● Task data:
-----
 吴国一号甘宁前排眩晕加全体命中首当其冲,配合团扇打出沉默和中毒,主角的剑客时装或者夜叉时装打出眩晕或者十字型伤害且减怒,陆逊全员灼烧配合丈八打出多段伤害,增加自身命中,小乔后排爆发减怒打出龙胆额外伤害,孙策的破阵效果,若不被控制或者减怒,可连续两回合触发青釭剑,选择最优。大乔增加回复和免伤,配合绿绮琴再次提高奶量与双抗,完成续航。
-----
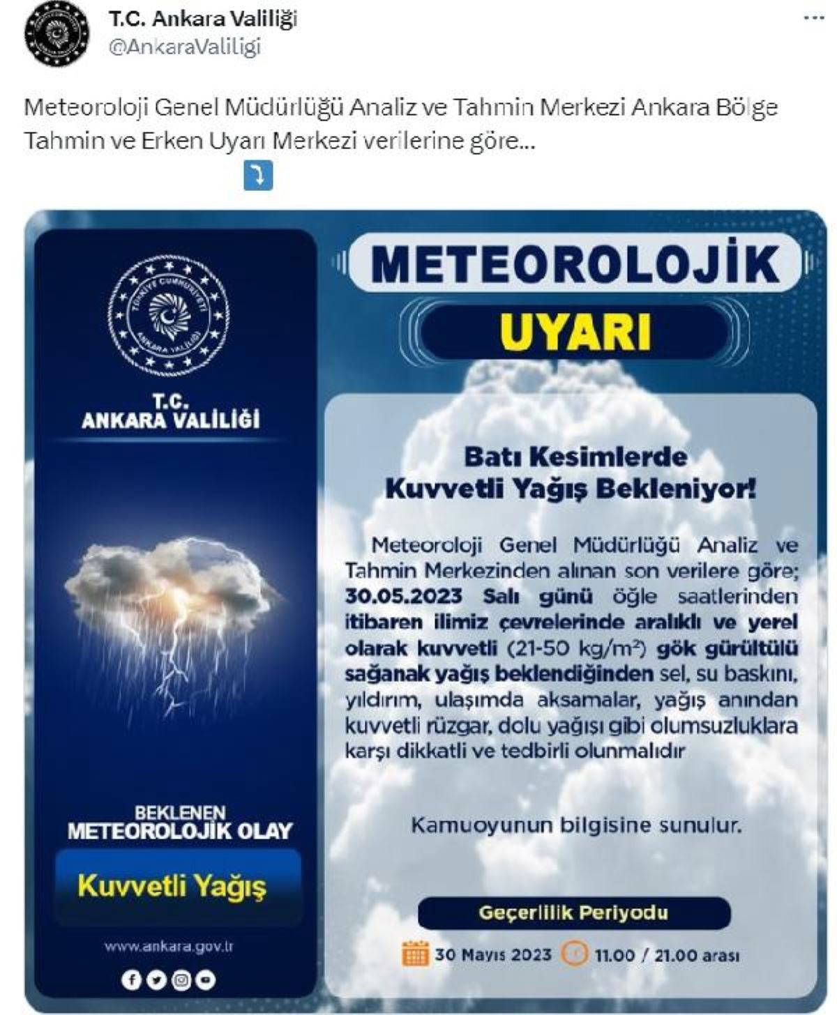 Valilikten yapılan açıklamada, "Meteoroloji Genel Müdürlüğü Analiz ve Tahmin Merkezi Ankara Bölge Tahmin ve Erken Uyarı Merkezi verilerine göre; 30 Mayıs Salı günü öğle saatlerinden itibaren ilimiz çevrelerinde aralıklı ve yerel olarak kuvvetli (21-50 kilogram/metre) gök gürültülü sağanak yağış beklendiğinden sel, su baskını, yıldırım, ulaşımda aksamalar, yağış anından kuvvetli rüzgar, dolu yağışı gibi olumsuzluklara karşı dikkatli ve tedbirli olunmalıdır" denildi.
-----
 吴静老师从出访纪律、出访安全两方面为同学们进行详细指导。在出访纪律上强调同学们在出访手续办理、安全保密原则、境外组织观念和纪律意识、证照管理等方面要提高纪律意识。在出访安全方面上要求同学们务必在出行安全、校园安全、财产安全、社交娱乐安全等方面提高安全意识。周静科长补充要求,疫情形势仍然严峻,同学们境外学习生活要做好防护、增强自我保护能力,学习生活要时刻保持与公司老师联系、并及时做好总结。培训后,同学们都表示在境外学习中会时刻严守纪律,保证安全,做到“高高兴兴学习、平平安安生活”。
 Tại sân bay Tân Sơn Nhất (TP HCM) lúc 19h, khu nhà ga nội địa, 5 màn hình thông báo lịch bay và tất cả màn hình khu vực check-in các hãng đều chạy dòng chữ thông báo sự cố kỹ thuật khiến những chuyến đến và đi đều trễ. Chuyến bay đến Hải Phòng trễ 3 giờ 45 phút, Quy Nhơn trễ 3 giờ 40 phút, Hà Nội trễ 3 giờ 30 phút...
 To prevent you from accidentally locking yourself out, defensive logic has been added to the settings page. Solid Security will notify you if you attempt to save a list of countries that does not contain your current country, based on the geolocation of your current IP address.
-----
● Instructions to follow: From the records above, transcribe without alteration every line from the one with "Tại sân bay" to the one with "To prevent you", inclusive.

● Answer to the problem:
 Tại sân bay Tân Sơn Nhất (TP HCM) lúc 19h, khu nhà ga nội địa, 5 màn hình thông báo lịch bay và tất cả màn hình khu vực check-in các hãng đều chạy dòng chữ thông báo sự cố kỹ thuật khiến những chuyến đến và đi đều trễ. Chuyến bay đến Hải Phòng trễ 3 giờ 45 phút, Quy Nhơn trễ 3 giờ 40 phút, Hà Nội trễ 3 giờ 30 phút...
 To prevent you from accidentally locking yourself out, defensive logic has been added to the settings page. Solid Security will notify you if you attempt to save a list of countries that does not contain your current country, based on the geolocation of your current IP address.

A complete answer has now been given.